An elimination equation please

[val1]

Please can you help me with this one?
\(\displaystyle \L {\rm Eliminate }\theta {\rm from }x = \cos 2\theta - 1{\rm }y = \cos ^2 \theta\)



\(\displaystyle \L x = \cos 2\theta - 1...................(1)\)

\(\displaystyle \L y = \cos ^2 \theta .........................(2)\)

substitute
$\displaystyle \cos 2\theta = 1 - 2\sin ^2 \theta$
into (1)

\(\displaystyle \L x = 1 - 2\sin ^2 \theta - 1.............(3)\)


\(\displaystyle \L - \frac{x}{2} = \sin ^2 \theta ....................(4)\)

(2) + (4)

\(\displaystyle \L y - \frac{x}{2} = 1\)


\(\displaystyle \L 2y - x = 2\)

\(\displaystyle \L y = \frac{{2 + x}}{2}\)

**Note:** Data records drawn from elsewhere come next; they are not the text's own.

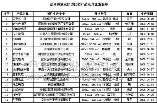 日前,中国保护消费者基金会对市场上销售的部分白酒采样,并委托国家认证认可的质量检测机构,按照国家相关标准进行了检测比较。大部分品牌白酒质量较好,例如安徽口子酒业有限公司生产的口子坊白酒等。检测也发现一些不合格的白酒,例如标注汝阳杜康集团总公司生产的杜康酒(型号规格:450 ml 42% vol 浓香型批号或生产日期:2006.10.15 ), 经检测发现该样品按GB/T10781.1-1989标准检验不合格(名单见下表)。
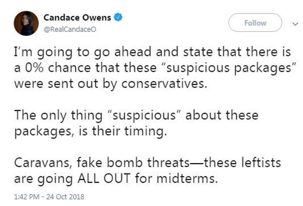 The timing of these suspicious packages is all too convenient with midterms approaching. Also the fact that none o… https: //t.co/Ed5nqwDDyI
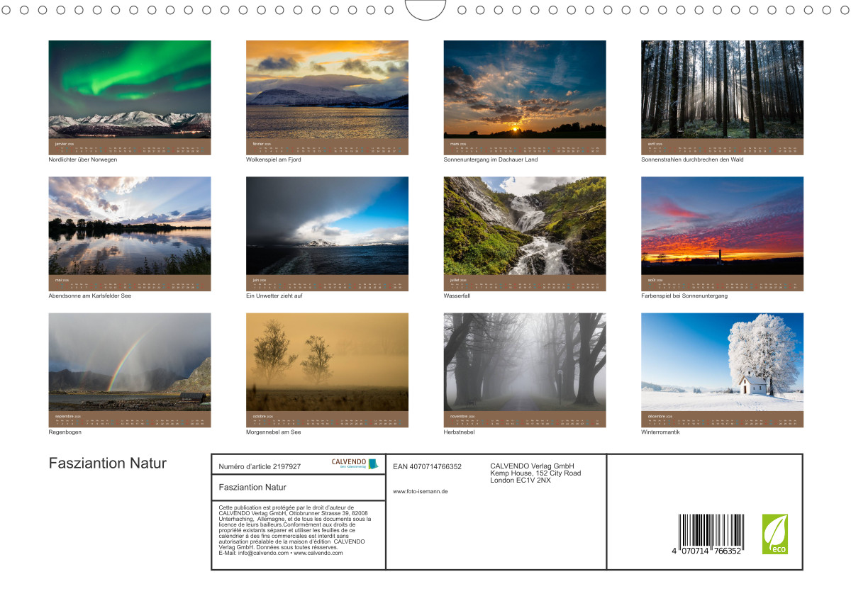 Sonnenuntergänge, Nordlichter, Wolken- und Sonnenspiele dominieren dieses Portfolio an natürlicher Farbenpracht und einmaligen Schönheit. Jeder Monat erleben Sie einen erneuten Genuss an Naturansichten.
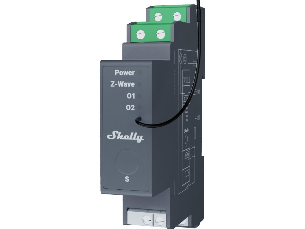 Shelly Wave Pro 2 US LR - Dvoukanálové Z-Wave Mesh/relé s dlouhým dosahem DIN (až 12,5 A/kanál, 25 A celkem), bezpotenciálové kontakty, SmartStart

The given answer uses a different substitution and has a different answer so I would be grateful to know where I've gone wrong.

Thank you

 

[pka]

What is the intended answer?

It seems to me that you are correct.

 

[soroban]

Hello, val1!

Eliminate $\displaystyle \theta$ from: $\displaystyle \,\begin{array}{cc}x\:=\:\cos2\theta\,-\,1 \\ y\:=\:\cos^2\theta\end{array}$

$\displaystyle y = \frac{{2 + x}}{2}$

The given answer uses a different substitution and has a different answer.

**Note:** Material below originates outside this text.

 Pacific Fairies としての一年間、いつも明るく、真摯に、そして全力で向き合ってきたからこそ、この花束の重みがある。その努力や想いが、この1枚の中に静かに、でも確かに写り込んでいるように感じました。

That "different answer" isn't one of these, is it?
$\displaystyle \;\;y\;=\;\frac{1}{2}x\,+\,1\;\;\;\;\;x\:=\:2y\,-\,2\;\;\;\;\;x\,-\,2y\,+\,2\;=\;0$


A different substitution can be used, but the answer should be the same.


We have: $\displaystyle \,x\:=\:\cos2\theta\,-\,1\;\;\Rightarrow\;\;\cos2\theta\:=\:x\,+\,1\;$ [1]

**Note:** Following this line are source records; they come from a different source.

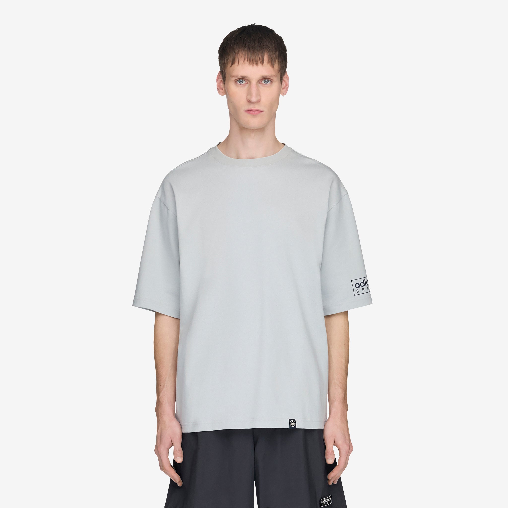 SPZL Mod T-Shirt in Wonder Silver from adidas Originals. Relaxed fit t-shirt featuring a ribbed crew neck and dropped shoulders. Crafted from a soft single-jersey cotton for comfort. Finished with signature SPZL branding across the back, left arm and with small stitched label at the hem.
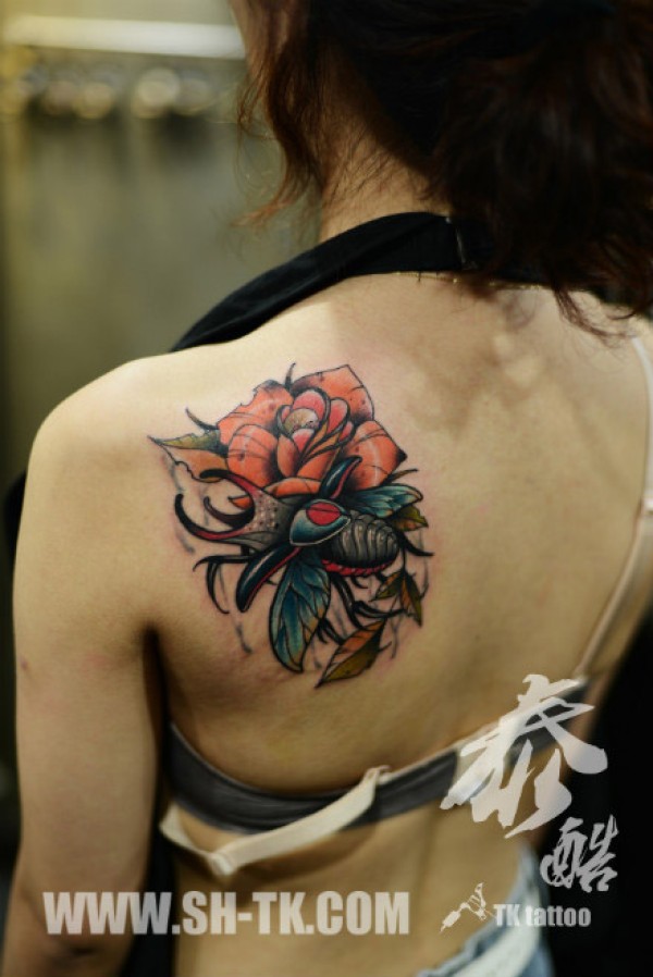 女生肩背精美的甲虫与玫瑰花纹身图案_玫瑰花纹身图案大全_纹身图吧
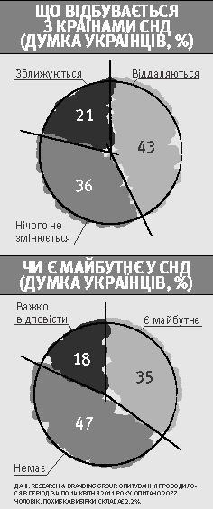 Країни-учасниці Співдружності незалежних держав віддаляються одна від одної. Так вважають 43% українців. Їх опитала компанія "Ресерч енд Брендинґ Ґруп". У грудні минає 20 років з часу створення СНД, у якій Україна є спостерігачем. Майбутнього для цього господарського, політичного та економічного об'єднання республік колишнього Радянського Союзу не бачать 47% опитаних.

And: $\displaystyle \,y\:=\:\cos^2\theta \:=\;\frac{1\,+\,\cos2\theta}{2}\;\;\Rightarrow \;\;\cos2\theta \:=\:2y\,-\,1\;$ [2]

Equate [1] and [2]: $\displaystyle x\,+\,1\:=\:2y\,-\,1\;\;\Rightarrow\;\;y\:=\;\frac{x\,+\,2}{2}$

 

[val1]

Thank you very much for your replies.

I now realise the answer given in class - "x=y" - was wrong.
There was a slip in the algebra near the end of the solution. But I was too confused to notice it until you reassured me that my answer was correct.